Our model is trained on the COCO-Stuff dataset, relying on a DeepLabv3 architecture with a ResNet-50 backbone.
DeepLabv3
The DeepLab family of models are semantic segmentation architectures. In particular, DeepLabv3 is capable of segmenting models at multiple scales using custom modules that perform atrous convolution (also known as dilated convolution) in cascade or in parallel, utilizing multiple atrous rates to detect contexts in various scales.
Beginning with DeepLabv2, Atrous Spatial Pyramid Pooling (ASPP) modules have been implemented to detect a global context and boost performance.
DeepLabv3 was conceived by redesigning and improving the ASPP module by applying global average pooling on the last feature map of the model. The resulting features are fed to a 1x1 convolution layer with 256 filters and batch normalization, which is then bilinearly upsampled to the target dimensionality.
Cascading modules without and with atrous convolution.
The resulting DeepLabv3 ASPP module consists of one 1x1 convolution layer, and three 3x3 convolution layers with subsequent 6, 12, and 18 rates when the output stride is 16, all with 256 filters and batch normalization.
DeepLabv3 Paper
Rethinking Atrous Convolution for Semantic Image Segmentation
Authors: Liang-Chieh Chen, George Papandreou, Florian Schroff, Hartwig Adam
Abstract
In this work, we revisit atrous convolution, a powerful tool to explicitly adjust filter’s field-of-view as well as control the resolution of feature responses computed by Deep Convolutional Neural Networks, in the application of semantic image segmentation. To handle the problem of segmenting objects at multiple scales, we design modules which employ atrous convolution in cascade or in parallel to capture multi-scale context by adopting multiple atrous rates. Furthermore, we propose to augment our previously proposed Atrous Spatial Pyramid Pooling module, which probes convolutional features at multiple scales, with image-level features encoding global context and further boost performance. We also elaborate on implementation details and share our experience on training our system.
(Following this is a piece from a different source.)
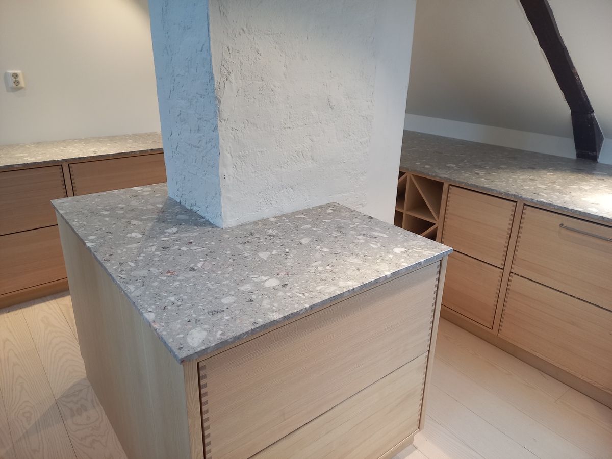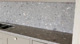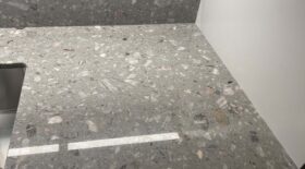Terrazzo Fior Di Pesco är en grå konstgjord sten, terrazzo tillverkad av flisor av natursten, där harts har använts som bindemedel.

The proposed ‘DeepLabv3’ system significantly improves over our previous DeepLab versions without DenseCRF post-processing and attains comparable performance with other state-of-art models on the PASCAL VOC 2012 semantic image segmentation benchmark.
DeepLab Paper
Authors: Liang-Chieh Chen, George Papandreou, Iasonas Kokkinos, Kevin Murphy, Alan L. Yuille
Abstract
In this work we address the task of semantic image segmentation with Deep Learning and make three main contributions that are experimentally shown to have substantial practical merit. First, we highlight convolution with upsampled filters, or ‘atrous convolution’, as a powerful tool in dense prediction tasks. Atrous convolution allows us to explicitly control the resolution at which feature responses are computed within Deep Convolutional Neural Networks. It also allows us to effectively enlarge the field of view of filters to incorporate larger context without increasing the number of parameters or the amount of computation. Second, we propose atrous spatial pyramid pooling (ASPP) to robustly segment objects at multiple scales. ASPP probes an incoming convolutional feature layer with filters at multiple sampling rates and effective fields-of-views, thus capturing objects as well as image context at multiple scales. Third, we improve the localization of object boundaries by combining methods from DCNNs and probabilistic graphical models. The commonly deployed combination of max-pooling and downsampling in DCNNs achieves invariance but has a toll on localization accuracy. We overcome this by combining the responses at the final DCNN layer with a fully connected Conditional Random Field (CRF), which is shown both qualitatively and quantitatively to improve localization performance. Our proposed “DeepLab” system sets the new state-of-art at the PASCAL VOC-2012 semantic image segmentation task, reaching 79.7% mIOU in the test set, and advances the results on three other datasets: PASCAL-Context, PASCAL-Person-Part, and Cityscapes. All of our code is made publicly available online.
DeepLabv3 Author
ResNet
ResNet is a family of five ML CNN architectures with different depths:
- ResNet-18 is 18 layers deep: 16 convolution layers, 1 max pool layer, and 1 average pool layer
- ResNet-34 is 34 layers deep: 32 convolution layers, 1 max pool layer, and 1 average pool layer
- ResNet-50 is 50 layers deep: 48 convolution layers, 1 max pool layer, and 1 average pool layer
- ResNet-101 is 101 layers deep: 99 convolution layers, 1 max pool layer, and 1 average pool layer
- ResNet-152 is 152 layers deep: 150 convolution layers, 1 max pool layer, and 1 average pool layer
Although ResNet architectures were designed for image recognition, they also exhibit successful results in non-computer vision applications.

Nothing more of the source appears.